### ASSIGNMENT
Would you transcribe the listing that follows, character for character, and omit its images?

### DATASET CONTENT

*****

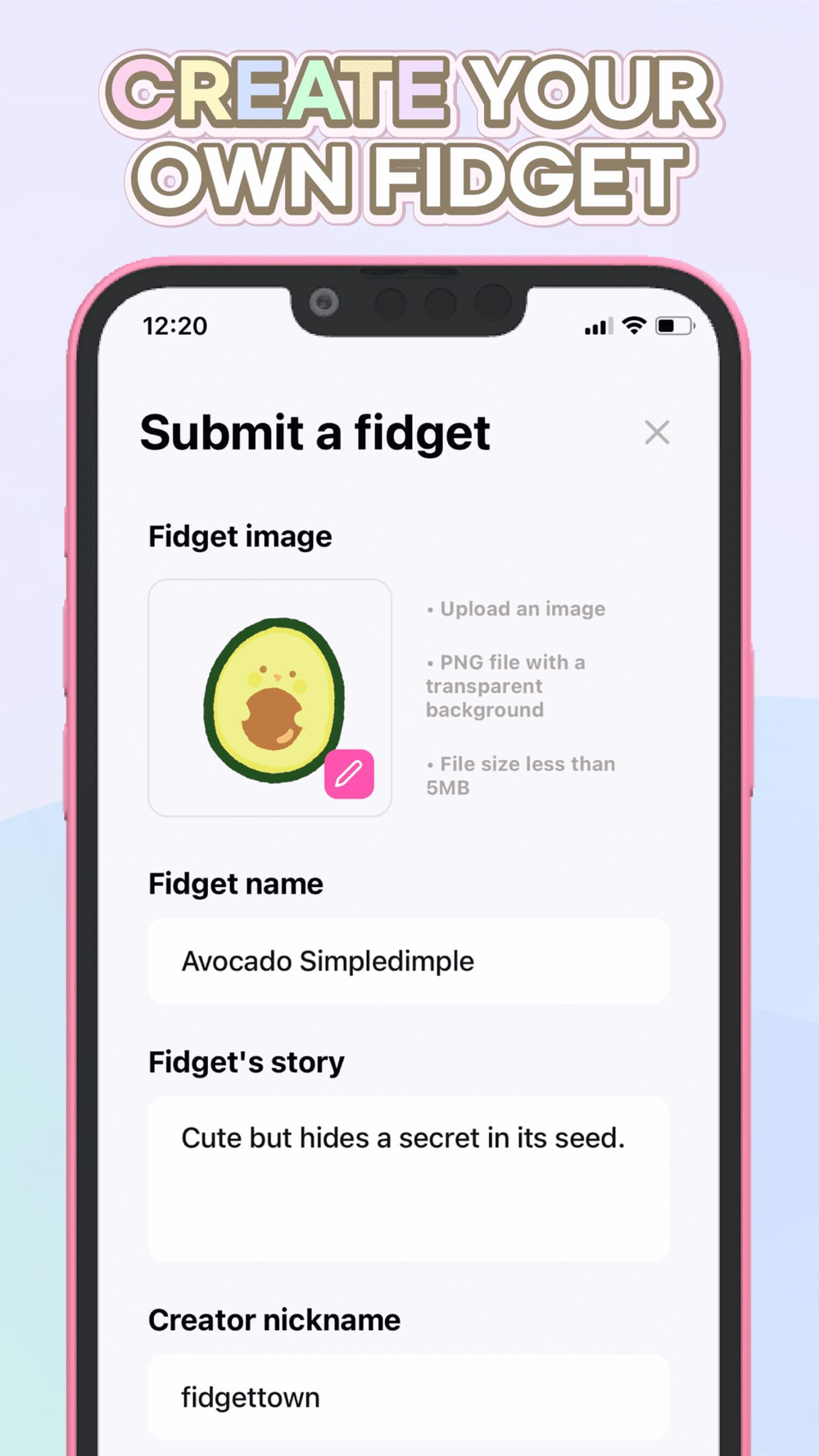 Fidget Town is a home for all kind of fidgets. Create your imaginary fidget and submit it! Selected fidgets will be later added after review. Your fidget can be a rare fidget that everyone wants to own!
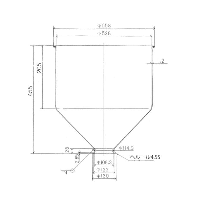 スギコ産業 ステンレスホッパー ヘルール4.5S付 65L SA1343-RWOS-50H 1個(ご注文単位1個)【直送品】
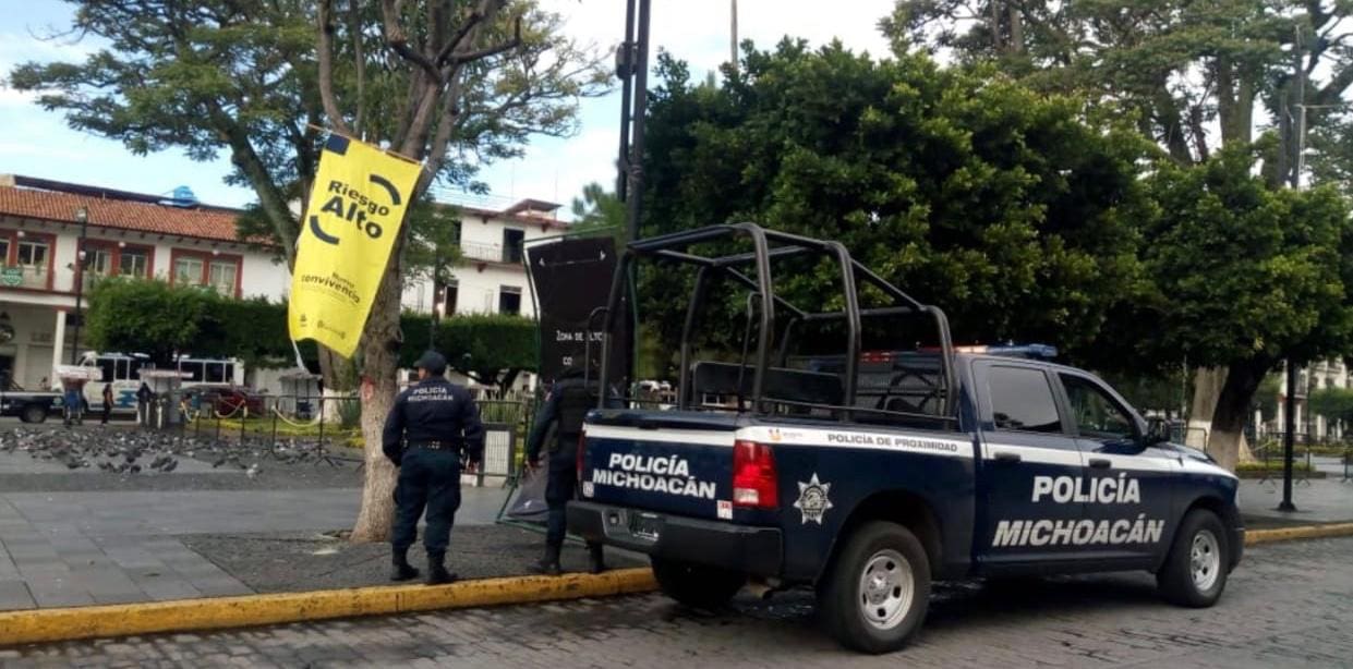 Ante Bandera Amarrilla, efectúa SSP tareas de prevención contra COVID-19 en Uruapan
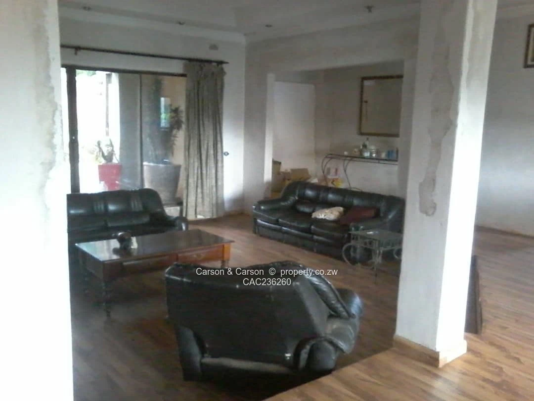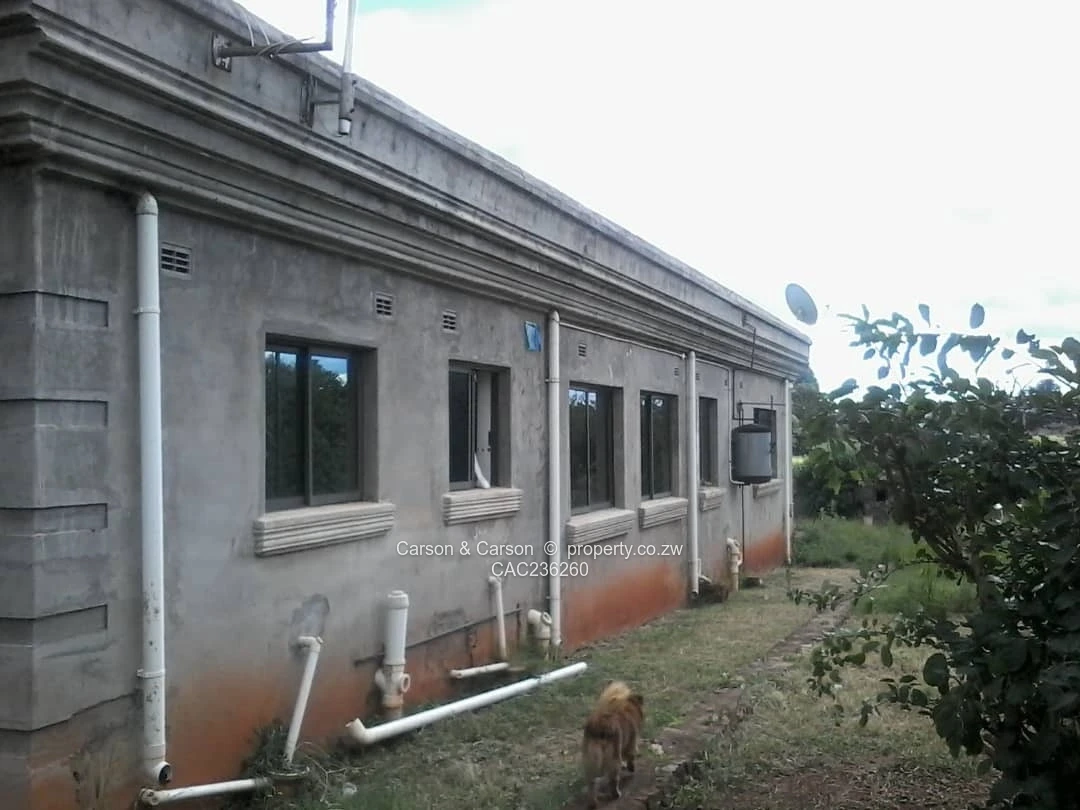 Solid single-storey family home on a generous 3,800 m² stand in Kambanji, Harare North — 3 bedrooms, 3 bathrooms and approximately 1,000 m² of built area offering excellent scope for renovation or an instant family move-in. As seen in the photos: the house sits behind a high brick boundary wall with a green roof and a large curved concrete terrace/patio ideal for entertaining. The mature garden has level lawns, established trees and room for a pool or vegetable plot; a borehole with storage tank provides reliable independent water supply.

*****

### WRITTEN RESPONSE
 Fidget Town is a home for all kind of fidgets. Create your imaginary fidget and submit it! Selected fidgets will be later added after review. Your fidget can be a rare fidget that everyone wants to own!
 スギコ産業 ステンレスホッパー ヘルール4.5S付 65L SA1343-RWOS-50H 1個(ご注文単位1個)【直送品】
 Ante Bandera Amarrilla, efectúa SSP tareas de prevención contra COVID-19 en Uruapan
 Solid single-storey family home on a generous 3,800 m² stand in Kambanji, Harare North — 3 bedrooms, 3 bathrooms and approximately 1,000 m² of built area offering excellent scope for renovation or an instant family move-in. As seen in the photos: the house sits behind a high brick boundary wall with a green roof and a large curved concrete terrace/patio ideal for entertaining. The mature garden has level lawns, established trees and room for a pool or vegetable plot; a borehole with storage tank provides reliable independent water supply.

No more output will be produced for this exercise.